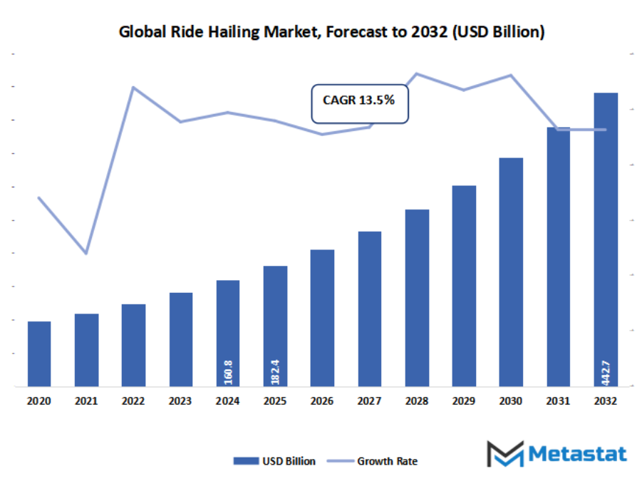 The global ride hailing market will break free from the confines of conventional mobility solutions and evolve into an umbrella industry that links technology, sustainability, and convenience on an unprecedented scale. With cities becoming smarter and transport more data-oriented, ride-hailing will not only serve commuters who look for hasty rides but will influence future urban infrastructure to a greater extent. This market will increasingly enlarge its reach into sectors like logistics, self reliant vehicle deployment, and mobility integration offerings, remaking how goods and those travel within areas.
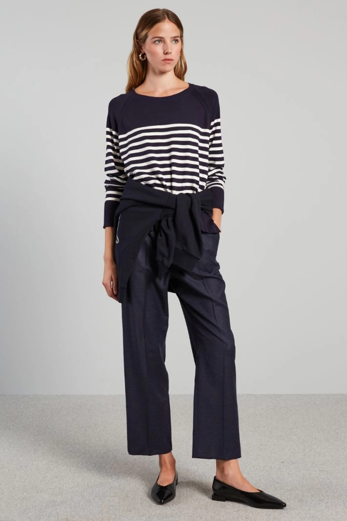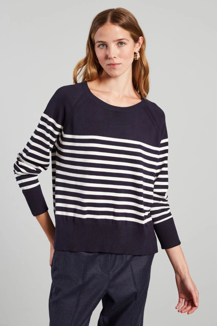 Regular fit yarn-dyed viscose blend sweater with boat neckline and turned-up cuff-embellished long raglan sleeves. Side slit-embellished hem
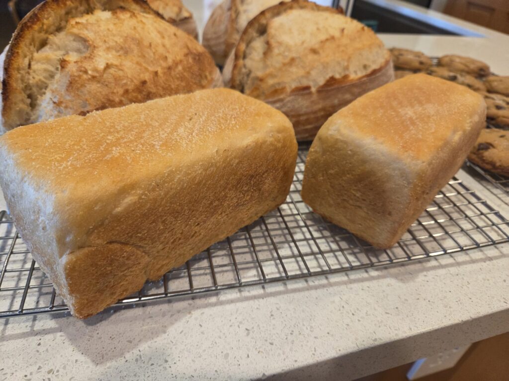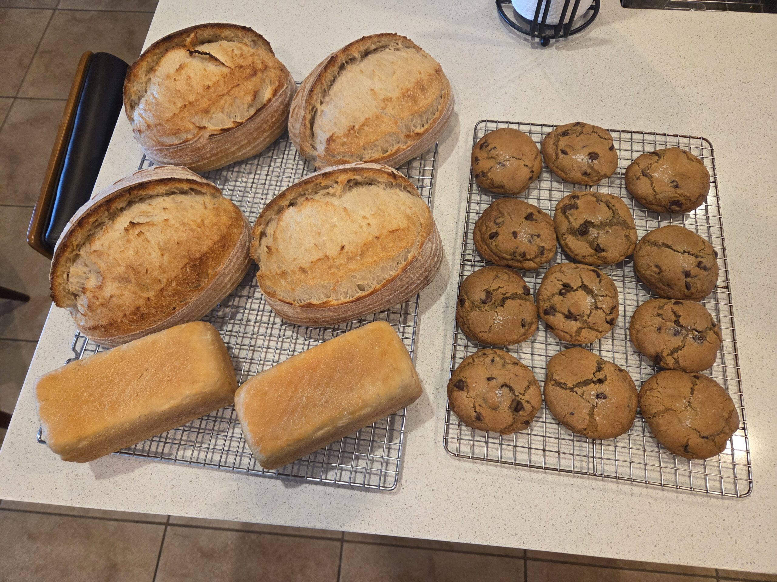 Rare busy Tuesday today. Not swamped, but the most baked bread on a Tuesday in a few months. Six loaves and a dozen cookies through the ovens today.
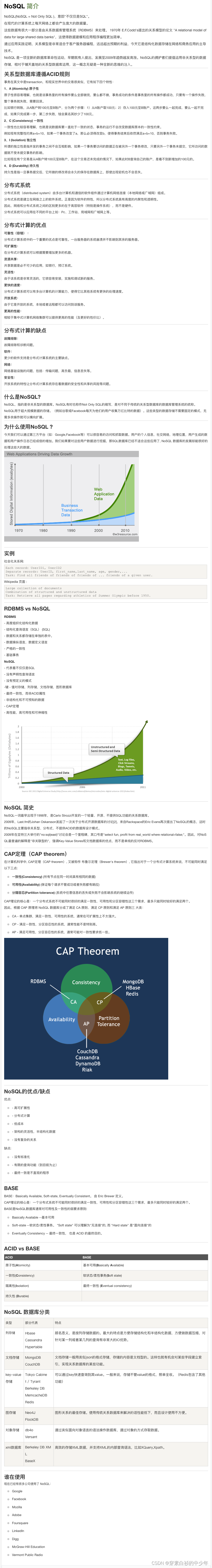 2.整理输出历史演进2.1 介绍非关系型数据库, NoSQL主要分为四类,如下所示,以及各自的特点,应用场景,有缺点 补充 什么是 NoSQL_AWS NoSQL高性能非关系数据库服务-AWS云服务 -- 推荐阅读 推荐阅读
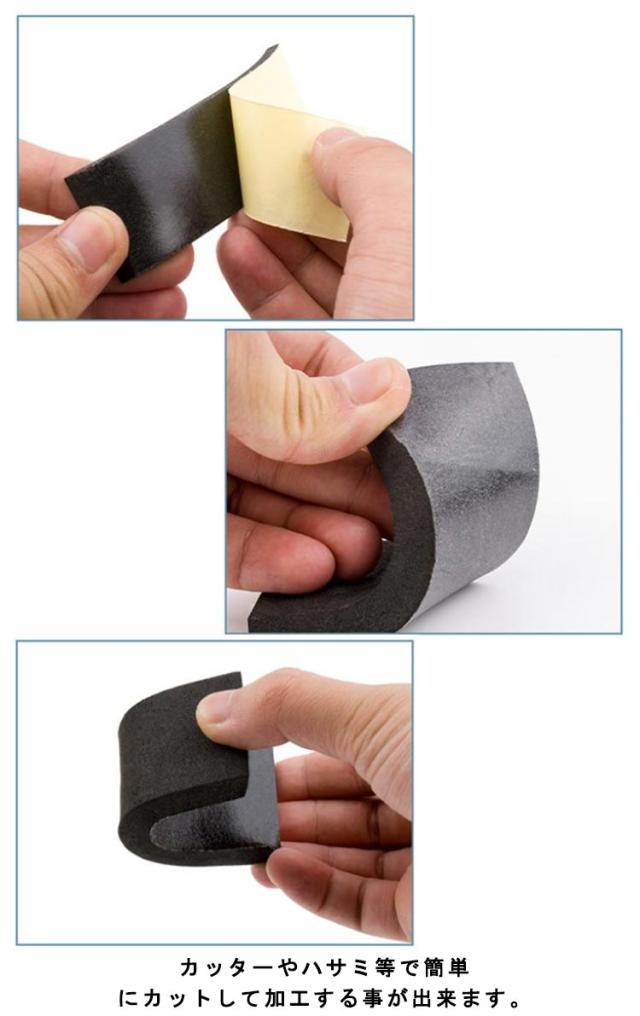 | 耐衝撃性に優れたEVA素材の隙間テープです。 ドアや引き戸、窓のすきま風防止や騒音対策に 裏面の粘着テープで取り付けも簡単! カッターやハサミ等で簡単にカットして加工する事が出来ます。 | |
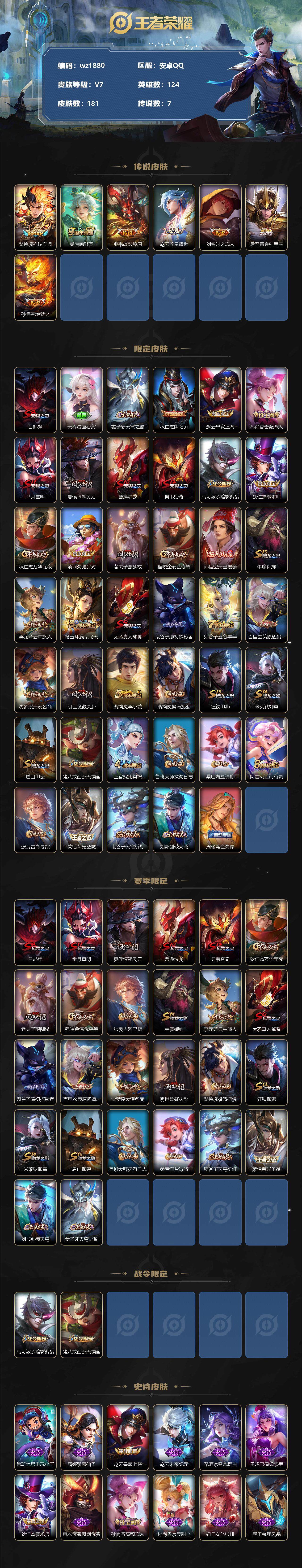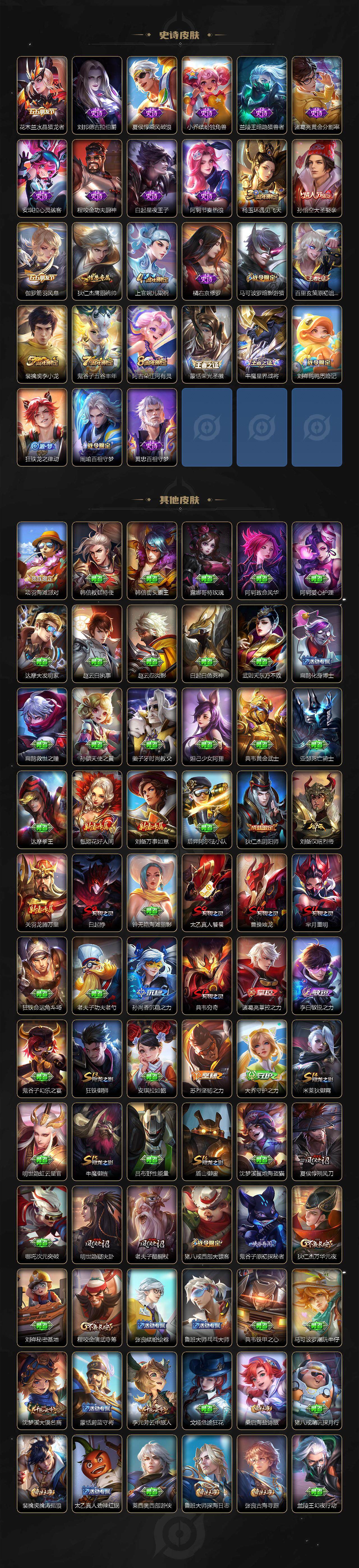 【游戏多多】【王者荣耀】【编号:3339130】【可二次实名】【wz1880】安卓Q-V7-至尊星耀II段位-124英雄-181皮肤-0典藏-0珍品无双-0无双-0珍品传说-7传说-39史诗 【传说皮肤】:裴擒虎祥瑞亨通,桑启鸣野蒿,典韦战鼓燎原,赵云淬星耀世,刘备时之恋人,后羿黄金射手座,孙悟空地狱火 【限定皮肤】:白起狰,大乔绒语心约,姜子牙天穹之誓,狄仁杰阴阳师,赵云皇家上将,孙尚香蔷薇恋人,芈月重明,夏侯惇朔风刀,曹操烛龙,典韦穷奇,马可波罗暗影游猎,狄仁杰魔术师,狄仁杰万华元夜,项羽海滩派对,老夫子醍醐杖,程咬金演武夺筹,孙悟空大圣娶亲,牛魔御旌,李元芳云中旅人,杨玉环遇见飞天,太乙真人饕餮,鬼谷子原初探秘者,鬼谷子五谷丰年,百里玄策原初追逐者,沈梦溪大漠名商,明世隐疑决卦,裴擒虎李小龙,裴擒虎擒涛扼浪,狂铁御狮,米莱狄御霄,盾山御銮,猪八戒西部大镖客,上官婉儿梁祝,鲁班大师探海日志,桑启海盐诗旅,阿古朵江河有灵,张良古海寻踪,蒙恬荣光圣徽,鬼谷子天穹祈灯,刘邦剑破天穹,周瑜熔金海岸 【赛季限定】:白起狰,芈月重明,夏侯惇朔风刀,曹操烛龙,典韦穷奇,狄仁杰万华元夜,老夫子醍醐杖,程咬金演武夺筹,张良古海寻踪,牛魔御旌,李元芳云中旅人,太乙真人饕餮,鬼谷子原初探秘者,百里玄策原初追逐者,沈梦溪大漠名商,明世隐疑决卦,裴擒虎擒涛扼浪,狂铁御狮,米莱狄御霄,盾山御銮,鲁班大师探海日志,桑启海盐诗旅,鬼谷子天穹祈灯,蒙恬荣光圣徽,刘邦剑破天穹,姜子牙天穹之誓 【战令限定】:马可波罗暗影游猎,猪八戒西部大镖客 【史诗皮肤】:鲁班七号电玩小子,露娜紫霞仙子,赵云皇家上将,赵云未来纪元,甄姬冰雪圆舞曲,王昭君偶像歌手,狄仁杰魔术师,宫本武藏鬼剑武藏,孙尚香蔷薇恋人,孙尚香水果甜心,妲己女仆咖啡,墨子金属风暴,花木兰水晶猎龙者,刘邦德古拉伯爵,夏侯惇乘风破浪,小乔缤纷独角兽,兰陵王暗隐猎兽者,诸葛亮黄金分割率,安琪拉心灵骇客,程咬金功夫厨神,白起星夜王子,阿轲节奏热浪,杨玉环遇见飞天,孙悟空大圣娶亲,伽罗箭羽风息,狄仁杰鹰眼统帅,上官婉儿梁祝,橘右京修罗,马可波罗暗影游猎,百里玄策原初追逐者,裴擒虎李小龙,鬼谷子五谷丰年,阿古朵江河有灵,蒙恬荣光圣徽,牛魔星界战将,刘禅鸭鸭历险记,狂铁龙之律动,周瑜百相守梦,黄忠百相守梦 【其他皮肤】:项羽海滩派对,韩信教廷特使,韩信街头霸王,露娜哥特玫瑰,阿轲致命风华,阿轲爱心护理,达摩大发明家,赵云白执事,赵云忍炎影,白起白色死神,武则天东方不败,扁鹊化身博士,扁鹊救世之瞳,孙膑天使之翼,姜子牙时尚教父,妲己少女阿狸,典韦黄金武士,亚瑟死亡骑士,达摩拳王,甄姬花好人间,刘备万事如意,后羿阿尔法小队,狄仁杰阴阳师,刘备汉昭烈帝,关羽龙腾万里,白起狰,钟无艳海滩丽影,太乙真人饕餮,曹操烛龙,芈月重明,狂铁命运角斗场,老夫子功夫老勺,孙尚香沉稳之力,典韦穷奇,诸葛亮掌控之力,李白敏锐之力,鬼谷子幻乐之宴,狂铁御狮,安琪拉如懿,苏烈坚韧之力,大乔守护之力,米莱狄御霄,明世隐虹云星官,牛魔御旌,吕布野性能量,盾山御銮,沈梦溪鲨炮海盗猫,夏侯惇朔风刀,哪吒次元突破,明世隐疑决卦,老夫子醍醐杖,猪八戒西部大镖客,鬼谷子原初探秘者,狄仁杰万华元夜,刘禅秘密基地,程咬金演武夺筹,张良缤纷绘卷,鲁班大师乓乓大师,典韦铁甲之心,马可波罗潮玩牛仔,沈梦溪大漠名商,蒙恬蔚蓝守将,李元芳云中旅人,戈娅危途狂花,桑启海盐诗旅,猪八戒潮玩探月行,裴擒虎擒涛扼浪,太乙真人劲辣红锅,莱西奥西部游侠,鲁班大师探海日志,张良古海寻踪,兰陵王幻夜行动,鬼谷子天穹祈灯,刘邦剑破天穹,大司命暗都幽影,姜子牙天穹之誓,周瑜熔金海岸,大乔绒语心约,东皇太一噬灭天穹,干将莫邪雾都夜雨,苍苍林狼骑,太乙真人谧流熔炉,典韦铁骨偃魂,西施雪境奇遇,姜子牙星梦巡礼,明世隐景韶洛都,戈娅玫蓝誓约,钟馗虚灵犬护,沈梦溪鸭鸭历险记,张良灵野札记,阿古朵布丁狗之约,露娜命运加冕,姬小满小满鸭,云中君云械蓝图,孙策百相守梦,庄周锦麟游梦,莱西奥踏浪烽翎,鲁班七号福禄兄弟,项羽帝国元帅,貂蝉异域舞娘,老夫子潮流仙人,王昭君精灵公主,曹操超能战警,张良一千零一夜,小乔万圣前夜,孙悟空西部大镖客,后羿精灵王,兰陵王隐刃,李白范海辛,虞姬加勒比小姐,马可波罗激情绿茵,苍维京掠夺者,诸葛亮星航指挥官,黄忠芝加哥教父,铠龙域领主,百里守约绝影神枪,百里玄策威尼斯狂欢,明世隐占星师,公孙离花间舞,裴擒虎街头旋风,弈星踏雪寻梅,米莱狄精准探案法,元歌午夜歌剧院,沈梦溪棒球奇才,李信灼热之刃,嫦娥露花倒影,猪八戒年年有余,盘古创世神祝,西施归虚梦演,鲁班大师归虚梦演,澜孤猎,司空震启蛰,云缨赤焰之缨,金蝉前尘,桑启画中游 【内测皮肤】:孙尚香蔷薇恋人 【营地ID】:437262513

##############################

REQUIRED WORK –
Please output all the records above exactly, leaving out every picture.

ANSWER TO THE EXERCISE –
 The global ride hailing market will break free from the confines of conventional mobility solutions and evolve into an umbrella industry that links technology, sustainability, and convenience on an unprecedented scale. With cities becoming smarter and transport more data-oriented, ride-hailing will not only serve commuters who look for hasty rides but will influence future urban infrastructure to a greater extent. This market will increasingly enlarge its reach into sectors like logistics, self reliant vehicle deployment, and mobility integration offerings, remaking how goods and those travel within areas.
 Regular fit yarn-dyed viscose blend sweater with boat neckline and turned-up cuff-embellished long raglan sleeves. Side slit-embellished hem
 Rare busy Tuesday today. Not swamped, but the most baked bread on a Tuesday in a few months. Six loaves and a dozen cookies through the ovens today.
 2.整理输出历史演进2.1 介绍非关系型数据库, NoSQL主要分为四类,如下所示,以及各自的特点,应用场景,有缺点 补充 什么是 NoSQL_AWS NoSQL高性能非关系数据库服务-AWS云服务 -- 推荐阅读 推荐阅读
 | 耐衝撃性に優れたEVA素材の隙間テープです。 ドアや引き戸、窓のすきま風防止や騒音対策に 裏面の粘着テープで取り付けも簡単! カッターやハサミ等で簡単にカットして加工する事が出来ます。 | |
 【游戏多多】【王者荣耀】【编号:3339130】【可二次实名】【wz1880】安卓Q-V7-至尊星耀II段位-124英雄-181皮肤-0典藏-0珍品无双-0无双-0珍品传说-7传说-39史诗 【传说皮肤】:裴擒虎祥瑞亨通,桑启鸣野蒿,典韦战鼓燎原,赵云淬星耀世,刘备时之恋人,后羿黄金射手座,孙悟空地狱火 【限定皮肤】:白起狰,大乔绒语心约,姜子牙天穹之誓,狄仁杰阴阳师,赵云皇家上将,孙尚香蔷薇恋人,芈月重明,夏侯惇朔风刀,曹操烛龙,典韦穷奇,马可波罗暗影游猎,狄仁杰魔术师,狄仁杰万华元夜,项羽海滩派对,老夫子醍醐杖,程咬金演武夺筹,孙悟空大圣娶亲,牛魔御旌,李元芳云中旅人,杨玉环遇见飞天,太乙真人饕餮,鬼谷子原初探秘者,鬼谷子五谷丰年,百里玄策原初追逐者,沈梦溪大漠名商,明世隐疑决卦,裴擒虎李小龙,裴擒虎擒涛扼浪,狂铁御狮,米莱狄御霄,盾山御銮,猪八戒西部大镖客,上官婉儿梁祝,鲁班大师探海日志,桑启海盐诗旅,阿古朵江河有灵,张良古海寻踪,蒙恬荣光圣徽,鬼谷子天穹祈灯,刘邦剑破天穹,周瑜熔金海岸 【赛季限定】:白起狰,芈月重明,夏侯惇朔风刀,曹操烛龙,典韦穷奇,狄仁杰万华元夜,老夫子醍醐杖,程咬金演武夺筹,张良古海寻踪,牛魔御旌,李元芳云中旅人,太乙真人饕餮,鬼谷子原初探秘者,百里玄策原初追逐者,沈梦溪大漠名商,明世隐疑决卦,裴擒虎擒涛扼浪,狂铁御狮,米莱狄御霄,盾山御銮,鲁班大师探海日志,桑启海盐诗旅,鬼谷子天穹祈灯,蒙恬荣光圣徽,刘邦剑破天穹,姜子牙天穹之誓 【战令限定】:马可波罗暗影游猎,猪八戒西部大镖客 【史诗皮肤】:鲁班七号电玩小子,露娜紫霞仙子,赵云皇家上将,赵云未来纪元,甄姬冰雪圆舞曲,王昭君偶像歌手,狄仁杰魔术师,宫本武藏鬼剑武藏,孙尚香蔷薇恋人,孙尚香水果甜心,妲己女仆咖啡,墨子金属风暴,花木兰水晶猎龙者,刘邦德古拉伯爵,夏侯惇乘风破浪,小乔缤纷独角兽,兰陵王暗隐猎兽者,诸葛亮黄金分割率,安琪拉心灵骇客,程咬金功夫厨神,白起星夜王子,阿轲节奏热浪,杨玉环遇见飞天,孙悟空大圣娶亲,伽罗箭羽风息,狄仁杰鹰眼统帅,上官婉儿梁祝,橘右京修罗,马可波罗暗影游猎,百里玄策原初追逐者,裴擒虎李小龙,鬼谷子五谷丰年,阿古朵江河有灵,蒙恬荣光圣徽,牛魔星界战将,刘禅鸭鸭历险记,狂铁龙之律动,周瑜百相守梦,黄忠百相守梦 【其他皮肤】:项羽海滩派对,韩信教廷特使,韩信街头霸王,露娜哥特玫瑰,阿轲致命风华,阿轲爱心护理,达摩大发明家,赵云白执事,赵云忍炎影,白起白色死神,武则天东方不败,扁鹊化身博士,扁鹊救世之瞳,孙膑天使之翼,姜子牙时尚教父,妲己少女阿狸,典韦黄金武士,亚瑟死亡骑士,达摩拳王,甄姬花好人间,刘备万事如意,后羿阿尔法小队,狄仁杰阴阳师,刘备汉昭烈帝,关羽龙腾万里,白起狰,钟无艳海滩丽影,太乙真人饕餮,曹操烛龙,芈月重明,狂铁命运角斗场,老夫子功夫老勺,孙尚香沉稳之力,典韦穷奇,诸葛亮掌控之力,李白敏锐之力,鬼谷子幻乐之宴,狂铁御狮,安琪拉如懿,苏烈坚韧之力,大乔守护之力,米莱狄御霄,明世隐虹云星官,牛魔御旌,吕布野性能量,盾山御銮,沈梦溪鲨炮海盗猫,夏侯惇朔风刀,哪吒次元突破,明世隐疑决卦,老夫子醍醐杖,猪八戒西部大镖客,鬼谷子原初探秘者,狄仁杰万华元夜,刘禅秘密基地,程咬金演武夺筹,张良缤纷绘卷,鲁班大师乓乓大师,典韦铁甲之心,马可波罗潮玩牛仔,沈梦溪大漠名商,蒙恬蔚蓝守将,李元芳云中旅人,戈娅危途狂花,桑启海盐诗旅,猪八戒潮玩探月行,裴擒虎擒涛扼浪,太乙真人劲辣红锅,莱西奥西部游侠,鲁班大师探海日志,张良古海寻踪,兰陵王幻夜行动,鬼谷子天穹祈灯,刘邦剑破天穹,大司命暗都幽影,姜子牙天穹之誓,周瑜熔金海岸,大乔绒语心约,东皇太一噬灭天穹,干将莫邪雾都夜雨,苍苍林狼骑,太乙真人谧流熔炉,典韦铁骨偃魂,西施雪境奇遇,姜子牙星梦巡礼,明世隐景韶洛都,戈娅玫蓝誓约,钟馗虚灵犬护,沈梦溪鸭鸭历险记,张良灵野札记,阿古朵布丁狗之约,露娜命运加冕,姬小满小满鸭,云中君云械蓝图,孙策百相守梦,庄周锦麟游梦,莱西奥踏浪烽翎,鲁班七号福禄兄弟,项羽帝国元帅,貂蝉异域舞娘,老夫子潮流仙人,王昭君精灵公主,曹操超能战警,张良一千零一夜,小乔万圣前夜,孙悟空西部大镖客,后羿精灵王,兰陵王隐刃,李白范海辛,虞姬加勒比小姐,马可波罗激情绿茵,苍维京掠夺者,诸葛亮星航指挥官,黄忠芝加哥教父,铠龙域领主,百里守约绝影神枪,百里玄策威尼斯狂欢,明世隐占星师,公孙离花间舞,裴擒虎街头旋风,弈星踏雪寻梅,米莱狄精准探案法,元歌午夜歌剧院,沈梦溪棒球奇才,李信灼热之刃,嫦娥露花倒影,猪八戒年年有余,盘古创世神祝,西施归虚梦演,鲁班大师归虚梦演,澜孤猎,司空震启蛰,云缨赤焰之缨,金蝉前尘,桑启画中游 【内测皮肤】:孙尚香蔷薇恋人 【营地ID】:437262513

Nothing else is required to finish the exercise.